Du mætted dig med Skam for Ære. Drik selv, vis din Forhud frem! Nu kommer Bægeret fra HERRENS højre til dig og Skændsel til din Ære.
17 Want het geweld, dat tegen Libanon begaan is, zal u bedekken, en de verwoesting der beesten zal ze verschrikken, om des bloeds wil der mensen, en des gewelds in het land, de stad en aan alle inwoners derzelve.
Thi du tynges af Vold mod Libanon, knuses for Misbrug af Dyr, for Menneskeblods Skyld, for Vold mod Landet, mod Byen og alle, som bor der.
18 Wat zal het gesneden beeld baten, dat zijn formeerder het gesneden heeft? of het gegoten beeld, hetwelk een leugenleraar is, dat de formeerder op zijn formeersel vertrouwt, als hij stomme afgoden gemaakt heeft?
Hvad gavner det skaarne Billed, at en Billedskærer skærer det ud, det støbte Billed, hvis Spaadom er falsk, at en Billedskærer stoler derpaa, saa han laver stumme Guder?
19 Wee dien, die tot het hout zegt: Word wakker! en: Ontwaak! tot den zwijgenden steen. Zou het leren? Ziet, het is met goud en zilver overtrokken, en er is gans geen geest in het midden van hetzelve.

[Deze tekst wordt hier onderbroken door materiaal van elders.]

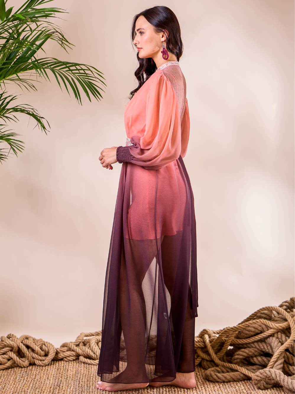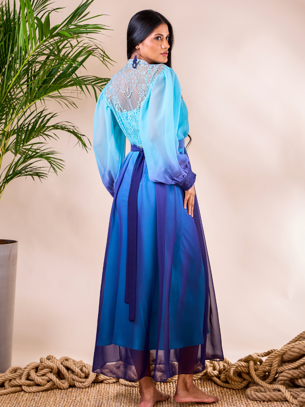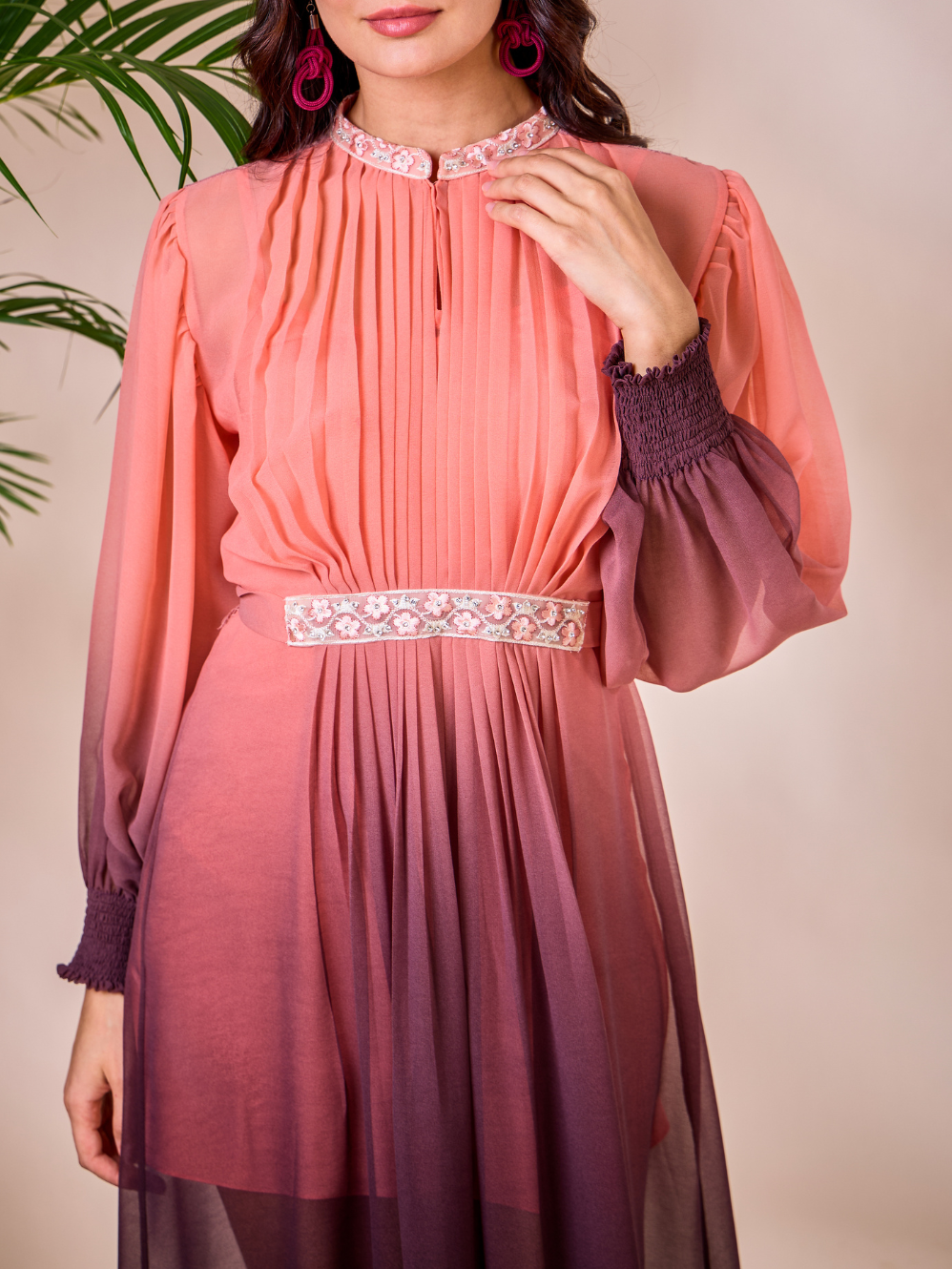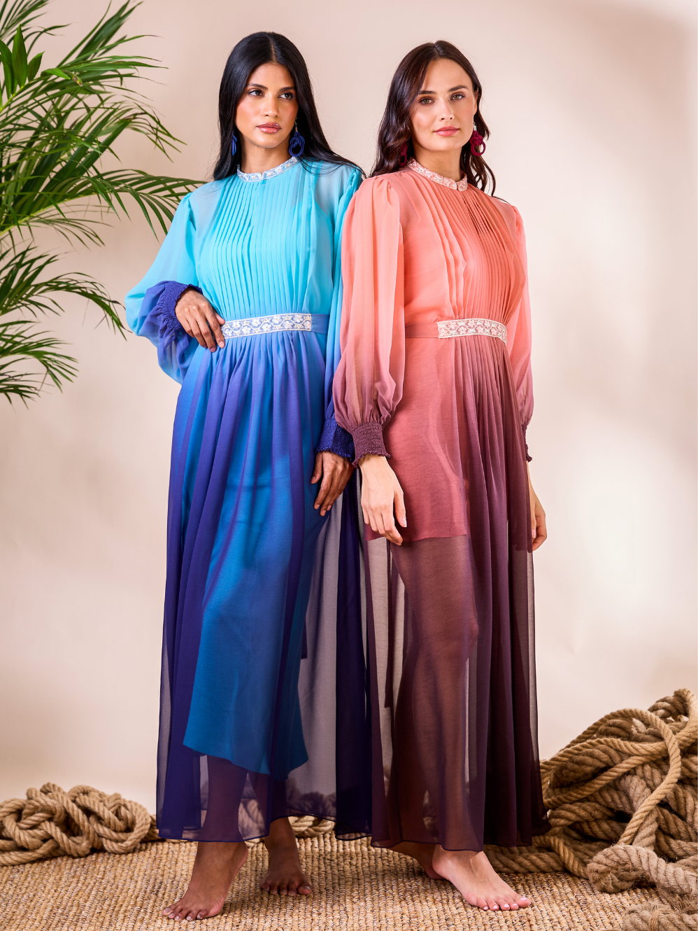 The Calypso Dress Glam is a full-length ombré gown crafted from sheer, flowing fabric that moves gracefully with every step. The bodice features a delicately pleated yoke and a refined high neckline, contrasted by voluminous bishop sleeves. A statement embellished belt completes the look, creating a perfect piece for sophisticated evening occasions or elevated resort soirées.
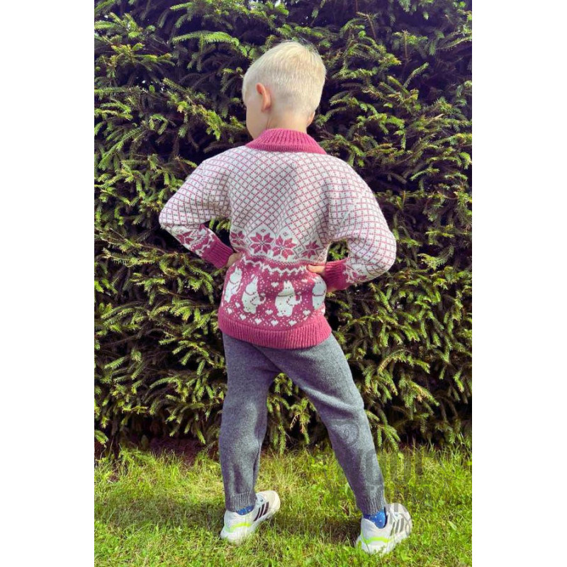Laste kampsun Mumitrolliga on ideaalne valik lastele, kellel meeldib talvel õues mängida. 100% lambavillast kootud kampsun lukuga on väga pehme ja mugav

Ve den, som siger til Træ: »Vaagn op!« til Sten uden Mæle: »Staa op!« Den skulde kunne spaa! Se, den er klædt i Guld og Sølv, men af Aand har den intet i sig.
20 Maar de HEERE is in Zijn heiligen tempel. Zwijg voor Zijn aangezicht, gij ganse aarde!
Men HERREN er i sin Helligdom; stille for ham, al Jorden!